-- Provided data --
□ □ □ □

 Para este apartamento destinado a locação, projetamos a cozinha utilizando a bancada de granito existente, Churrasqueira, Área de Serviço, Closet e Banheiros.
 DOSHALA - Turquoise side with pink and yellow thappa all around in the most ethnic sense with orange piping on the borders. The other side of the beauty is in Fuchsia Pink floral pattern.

□ □ □ □

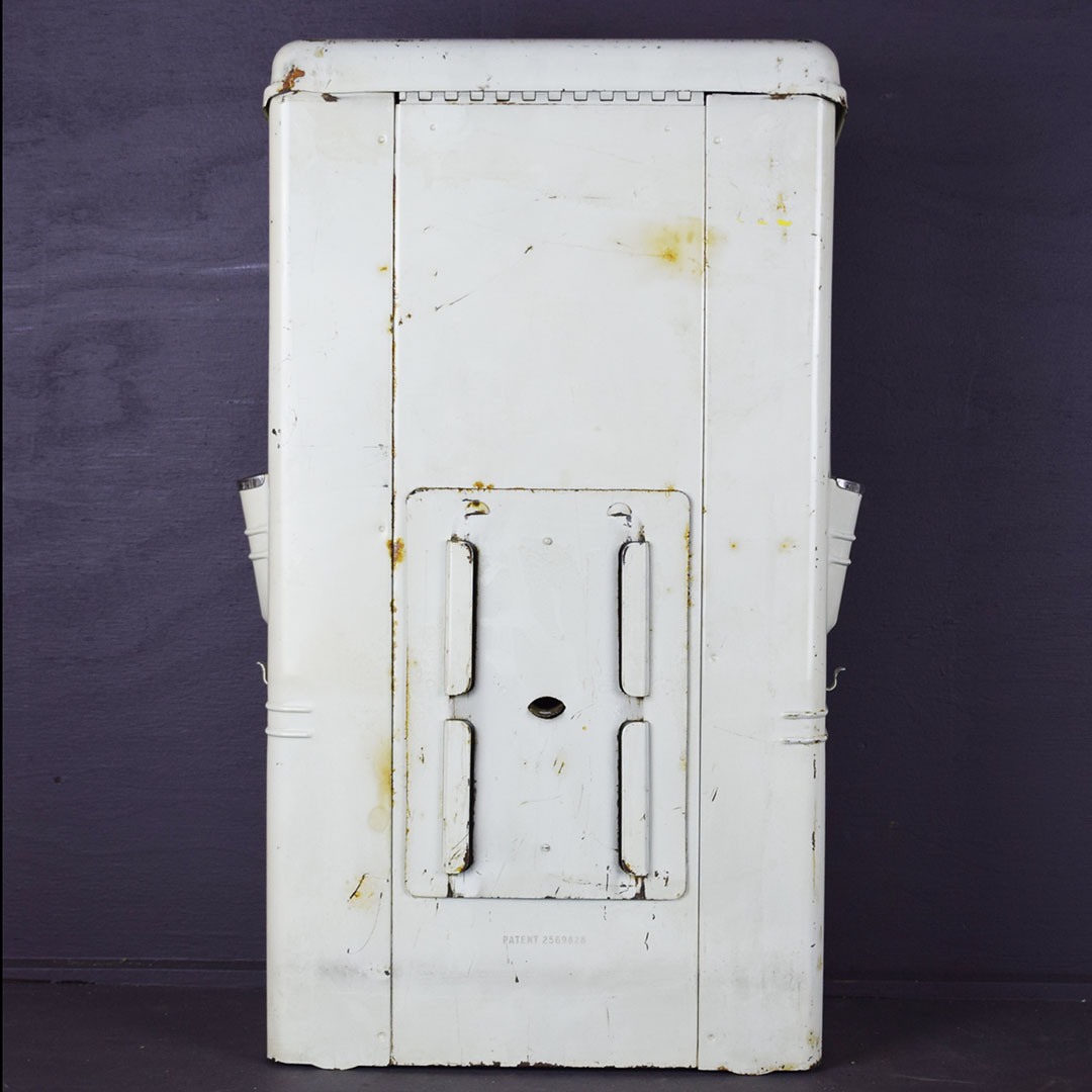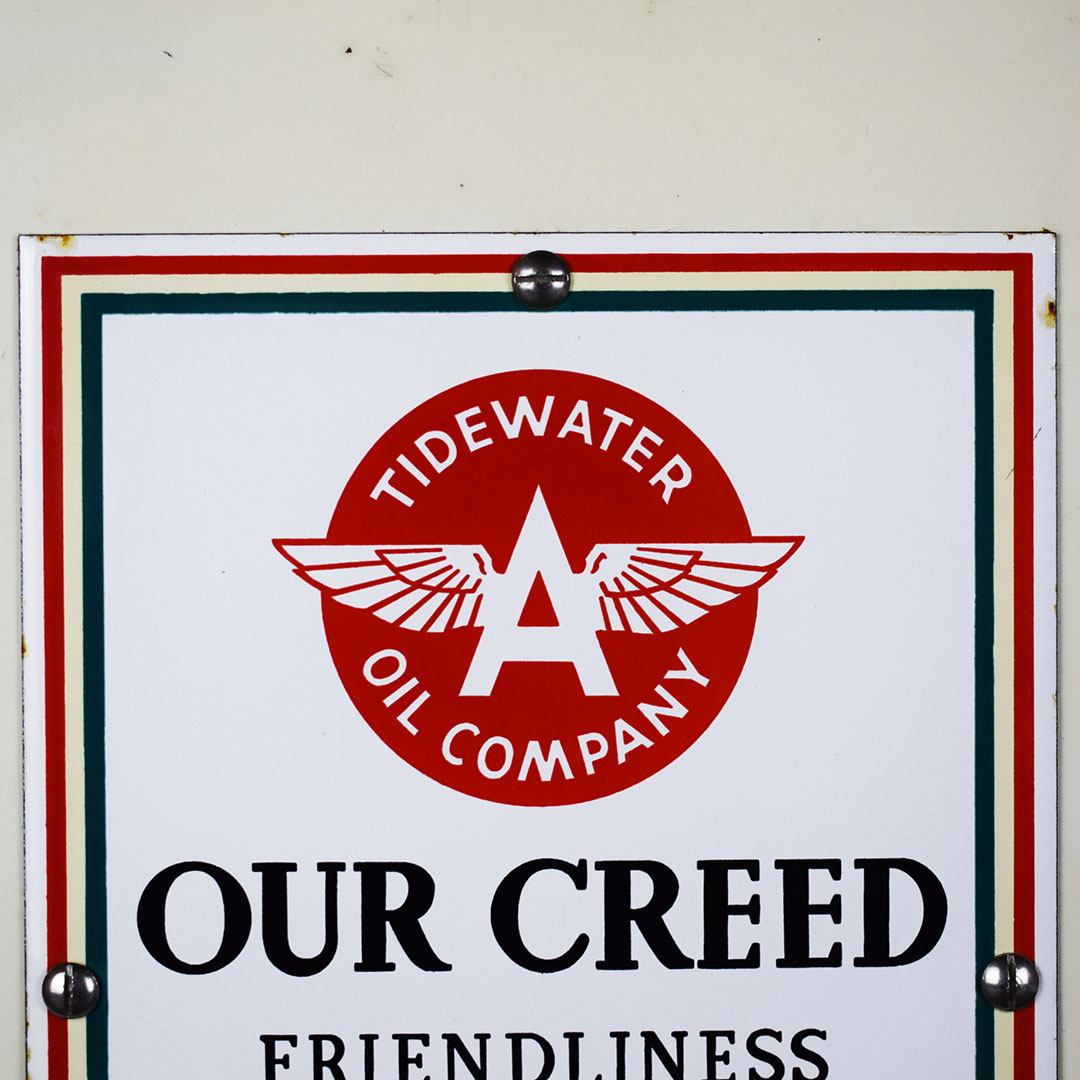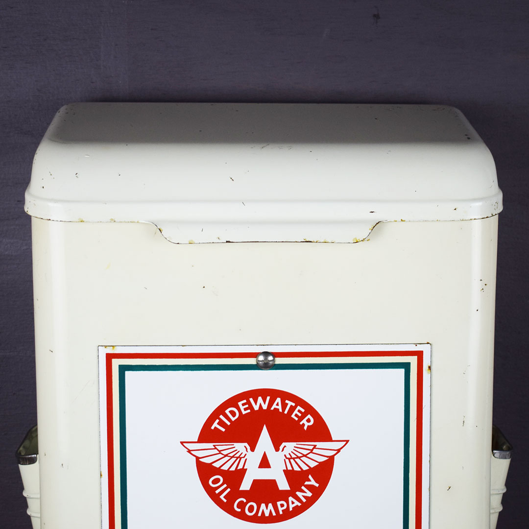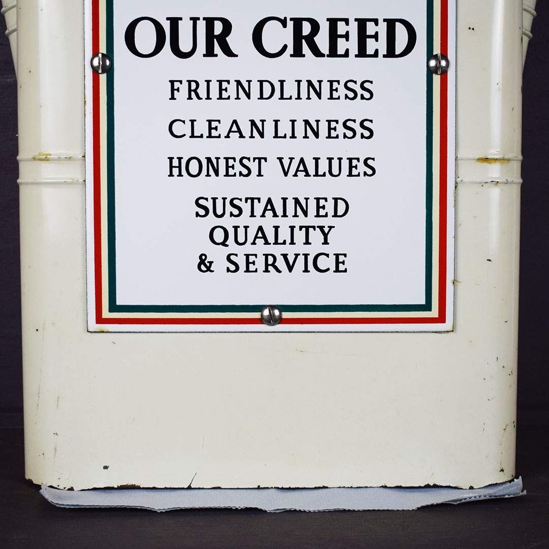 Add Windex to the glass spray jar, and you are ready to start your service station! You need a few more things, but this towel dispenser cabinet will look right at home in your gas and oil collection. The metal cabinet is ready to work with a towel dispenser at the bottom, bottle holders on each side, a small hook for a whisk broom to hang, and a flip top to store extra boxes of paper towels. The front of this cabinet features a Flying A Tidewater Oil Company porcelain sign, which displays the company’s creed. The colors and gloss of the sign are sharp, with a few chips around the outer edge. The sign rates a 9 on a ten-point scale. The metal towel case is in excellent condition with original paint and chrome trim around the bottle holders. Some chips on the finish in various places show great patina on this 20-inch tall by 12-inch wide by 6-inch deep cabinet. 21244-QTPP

□ □ □ □

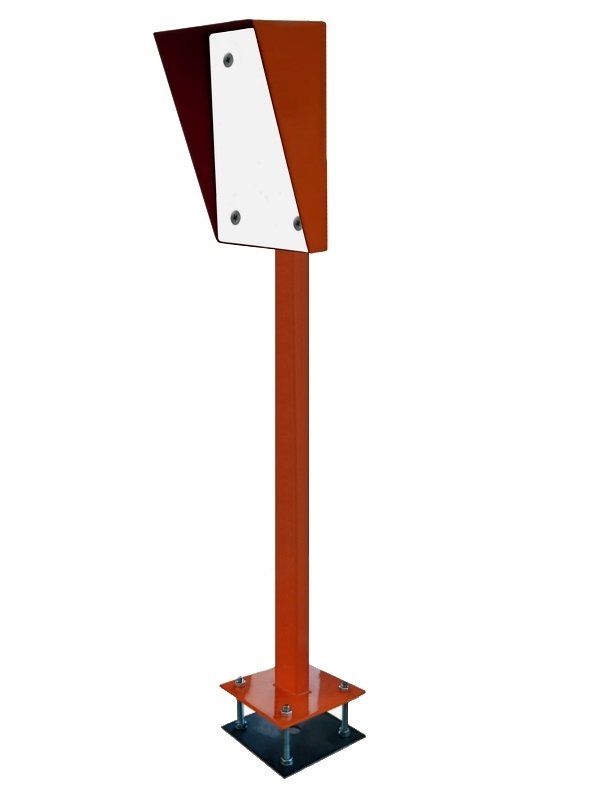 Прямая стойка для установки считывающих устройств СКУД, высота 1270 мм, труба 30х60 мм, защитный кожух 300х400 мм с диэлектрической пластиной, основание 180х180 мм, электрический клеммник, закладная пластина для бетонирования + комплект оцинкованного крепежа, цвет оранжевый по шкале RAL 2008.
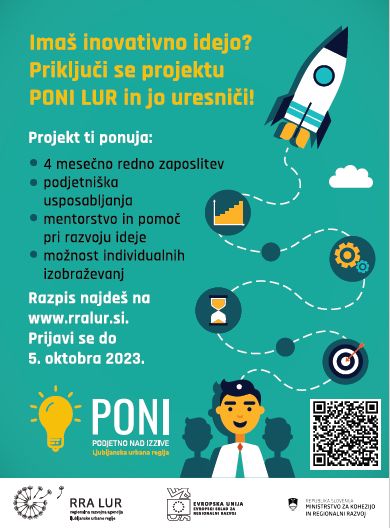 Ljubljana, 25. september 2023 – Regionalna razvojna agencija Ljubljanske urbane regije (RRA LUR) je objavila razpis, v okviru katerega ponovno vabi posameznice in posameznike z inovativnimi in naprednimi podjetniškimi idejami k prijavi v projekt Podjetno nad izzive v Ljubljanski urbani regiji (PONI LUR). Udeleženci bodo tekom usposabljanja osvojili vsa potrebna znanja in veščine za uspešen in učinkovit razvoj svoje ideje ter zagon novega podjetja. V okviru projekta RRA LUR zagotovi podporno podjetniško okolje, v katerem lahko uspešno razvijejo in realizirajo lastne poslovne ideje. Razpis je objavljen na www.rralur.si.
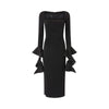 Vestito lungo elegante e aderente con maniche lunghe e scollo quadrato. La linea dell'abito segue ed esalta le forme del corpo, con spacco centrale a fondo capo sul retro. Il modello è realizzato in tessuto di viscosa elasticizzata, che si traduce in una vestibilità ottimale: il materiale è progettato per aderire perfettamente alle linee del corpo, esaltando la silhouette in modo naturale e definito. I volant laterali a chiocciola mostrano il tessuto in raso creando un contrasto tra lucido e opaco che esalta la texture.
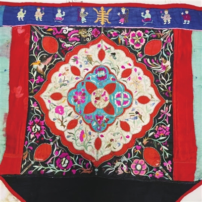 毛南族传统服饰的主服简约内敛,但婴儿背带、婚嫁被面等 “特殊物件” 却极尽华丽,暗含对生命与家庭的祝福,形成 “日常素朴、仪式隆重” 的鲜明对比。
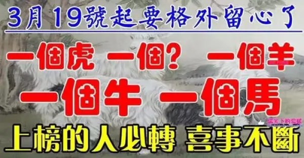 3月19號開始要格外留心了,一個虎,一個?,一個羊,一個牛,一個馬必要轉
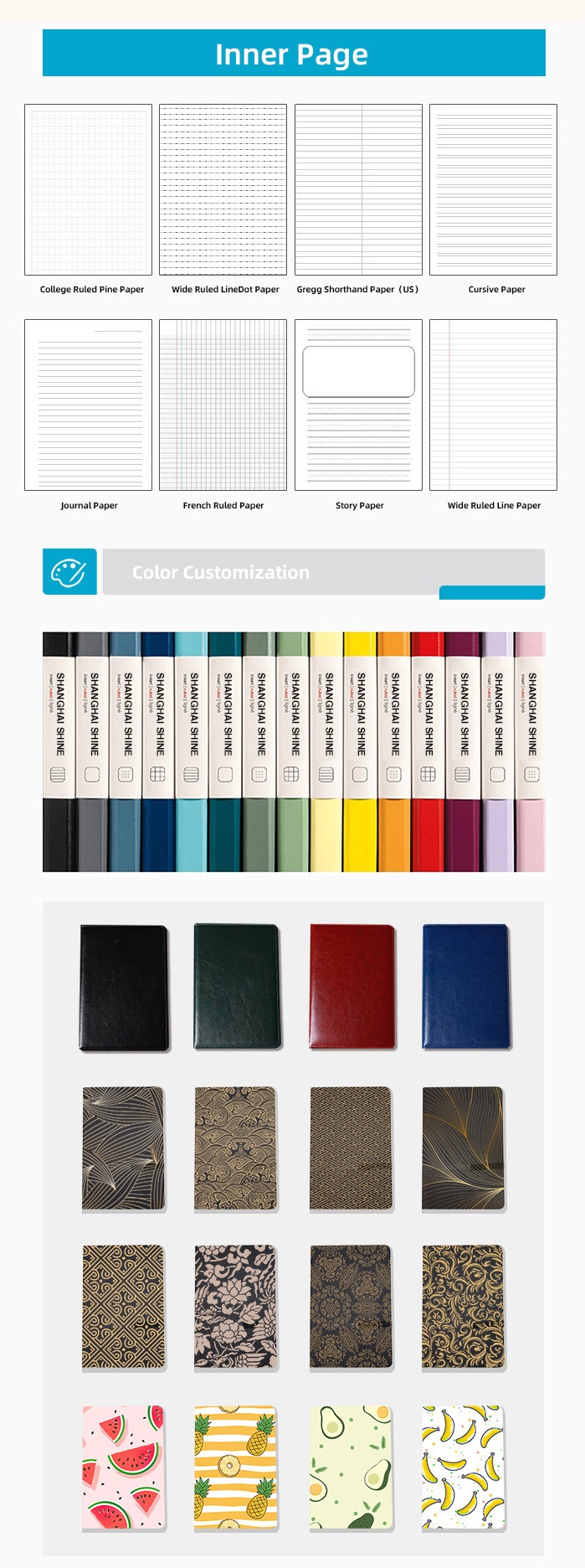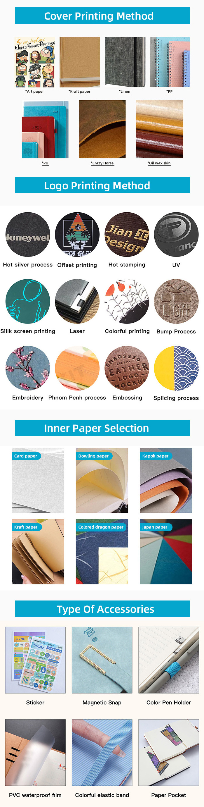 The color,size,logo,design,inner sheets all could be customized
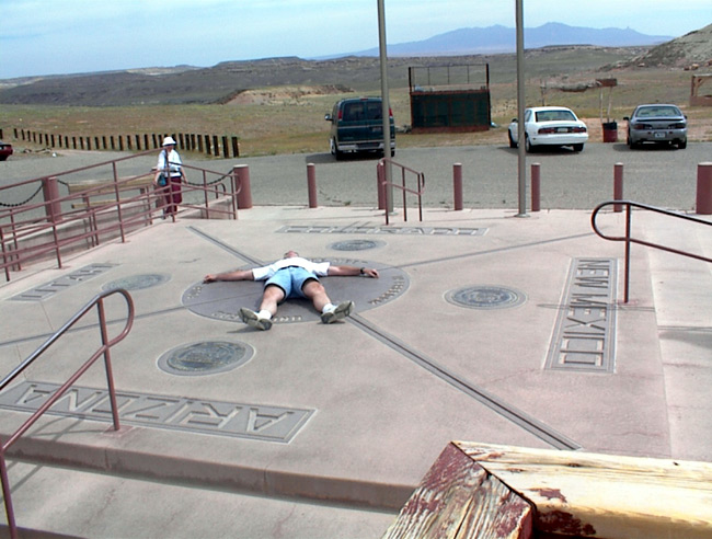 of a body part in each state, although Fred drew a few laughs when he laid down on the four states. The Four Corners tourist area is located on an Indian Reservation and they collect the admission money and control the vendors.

□ □ □ □

-- Problem details --
An exact copy is needed. It runs from the line above containing "Vestito lungo elegante" down to the line containing "of a body part", both included, with no pictures.

-- Result of the task --
 Vestito lungo elegante e aderente con maniche lunghe e scollo quadrato. La linea dell'abito segue ed esalta le forme del corpo, con spacco centrale a fondo capo sul retro. Il modello è realizzato in tessuto di viscosa elasticizzata, che si traduce in una vestibilità ottimale: il materiale è progettato per aderire perfettamente alle linee del corpo, esaltando la silhouette in modo naturale e definito. I volant laterali a chiocciola mostrano il tessuto in raso creando un contrasto tra lucido e opaco che esalta la texture.
 毛南族传统服饰的主服简约内敛,但婴儿背带、婚嫁被面等 “特殊物件” 却极尽华丽,暗含对生命与家庭的祝福,形成 “日常素朴、仪式隆重” 的鲜明对比。
 3月19號開始要格外留心了,一個虎,一個?,一個羊,一個牛,一個馬必要轉
 The color,size,logo,design,inner sheets all could be customized
 of a body part in each state, although Fred drew a few laughs when he laid down on the four states. The Four Corners tourist area is located on an Indian Reservation and they collect the admission money and control the vendors.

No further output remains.